Find a function $f(x)$ sucht that $\sum_{n=0}^{\infty} \frac{n+1}{n!}x^n$ is the Taylor series of $f(x)$.

Question

Find a function $f(x)$ sucht that $\sum_{n=0}^{\infty} \frac{n+1}{n!}x^n$ is the Taylor series of $f(x)$.

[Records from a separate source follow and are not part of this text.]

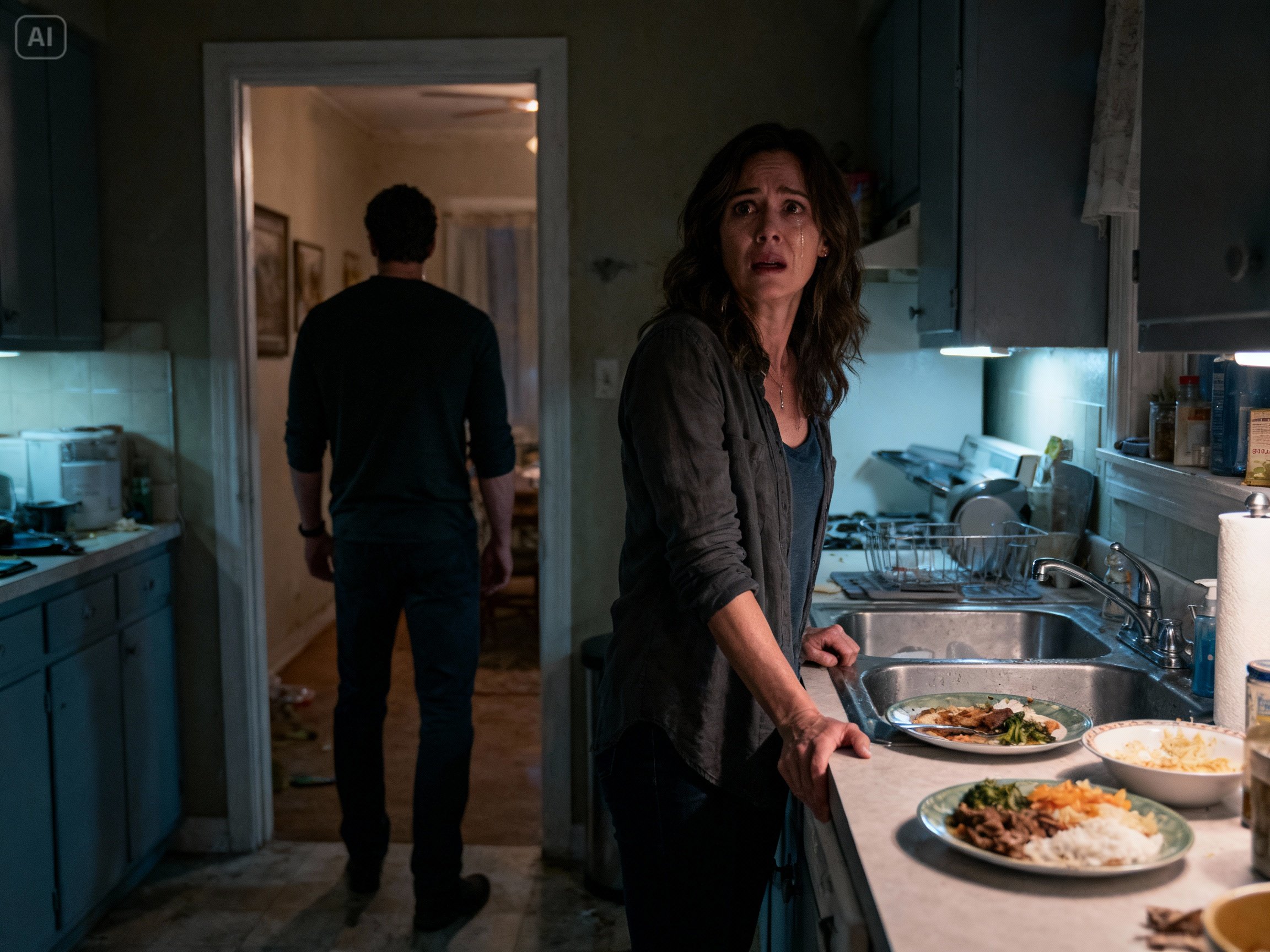 I froze. The soapy plate in my hand nearly slipped, but I managed to grip it, setting it slowly into the sink. The bubbles popped softly. My heart began to hammer against my ribs.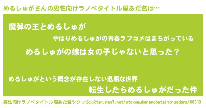 | 意味不明あだ名 | 『とにかく怪しいめるしゅが』 |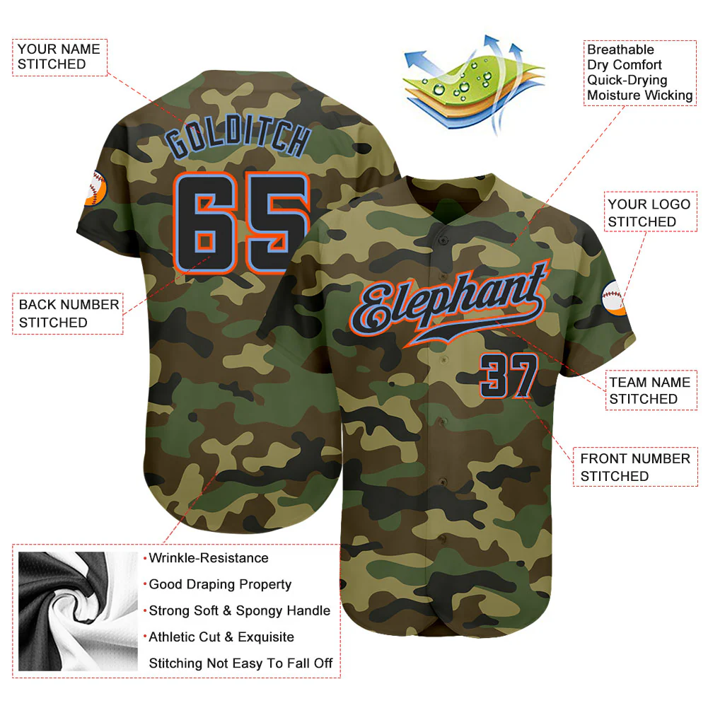 Custom Camo Navy-Orange Authentic Salute To Service Baseball Jersey

I wanted to split the sum in two parts, so you get $\sum _{n=0}^{\infty} x^n -\sum_{n=0}^{\infty}....$. Because $x^n$ is the geometric series. But I'm having problems with finding something to put on the dots. I don't really know how to approach such a problem.

Answer 1

Hint: $$\sum_{n=0}^{\infty} \frac{n+1}{n!}x^n=\sum_{n=0}^{\infty} \frac{n}{n!}x^n+\sum_{n=0}^{\infty} \frac{1}{n!}x^n=x\sum_{n=1}^{\infty} \frac{1}{(n-1)!}x^{n-1}+\sum_{n=0}^{\infty} \frac{1}{n!}x^n$$

Answer 2

According to hint of @Arthur, let $F(x)=xe^x=x\sum_{n=0}^\infty \frac{x^n}{n!}=\sum_{n=0}^\infty \frac{x^{n+1}}{n!}.$ Taking the derivative both sides $$(xe^x)'=\sum_{n=0}^\infty \frac{n+1}{n!}x^n,$$ and hence the desired function $f(x)=(xe^x)' = e^x +xe^x$.